The whole listing, exactly as given: write it out, leaving out each image.

** The data **
== Segment start ==
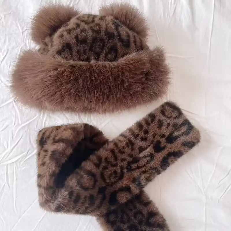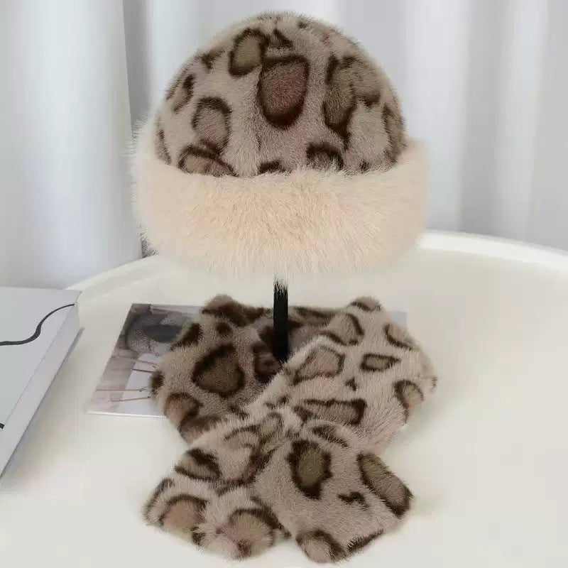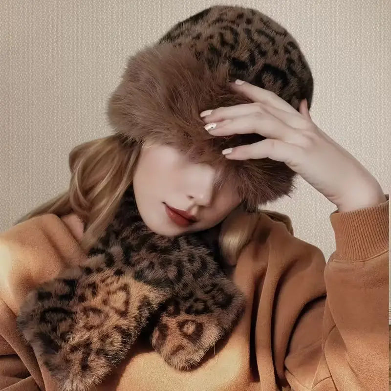 Lista opakowań: 1 * zestaw czapki i szalika z pluszu w panterkę (dwuczęściowy)
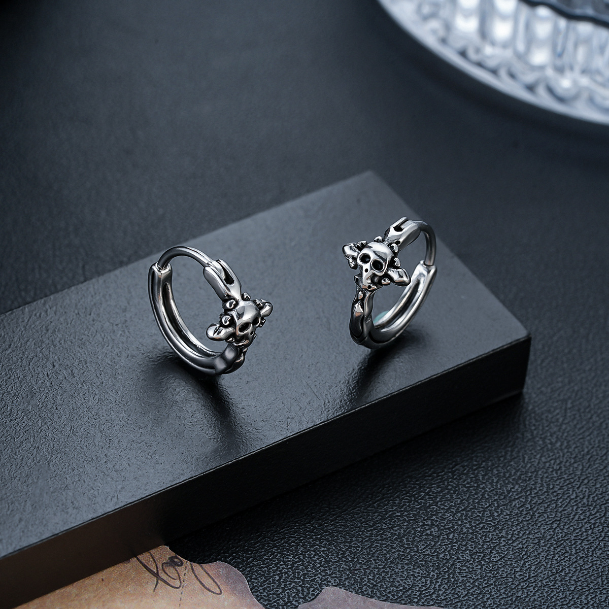 European and American Cross-Border Titanium Steel Skull Earrings Retro Men's Hip-Hop Accessories Simple Metal Style Earrings Women's Creative Jewelry
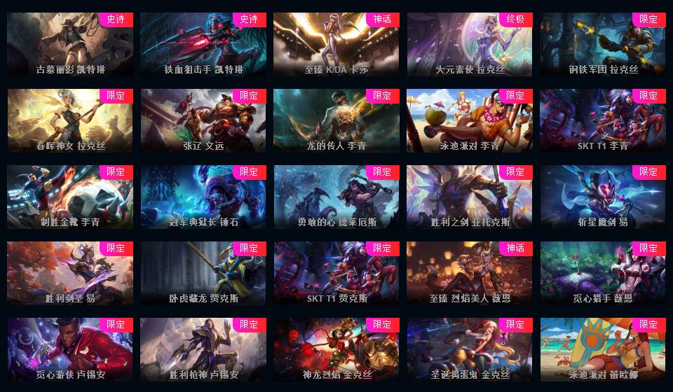 1642p/1110原皮/满英雄/47神话/229限定/龙虾+蓝炫彩/100传说/6终极/阿卡丽寡妇阿狸亚索卡莎琪亚娜至臻/等等具体看图
== Segment end ==
** Written response **
 Lista opakowań: 1 * zestaw czapki i szalika z pluszu w panterkę (dwuczęściowy)
 European and American Cross-Border Titanium Steel Skull Earrings Retro Men's Hip-Hop Accessories Simple Metal Style Earrings Women's Creative Jewelry
 1642p/1110原皮/满英雄/47神话/229限定/龙虾+蓝炫彩/100传说/6终极/阿卡丽寡妇阿狸亚索卡莎琪亚娜至臻/等等具体看图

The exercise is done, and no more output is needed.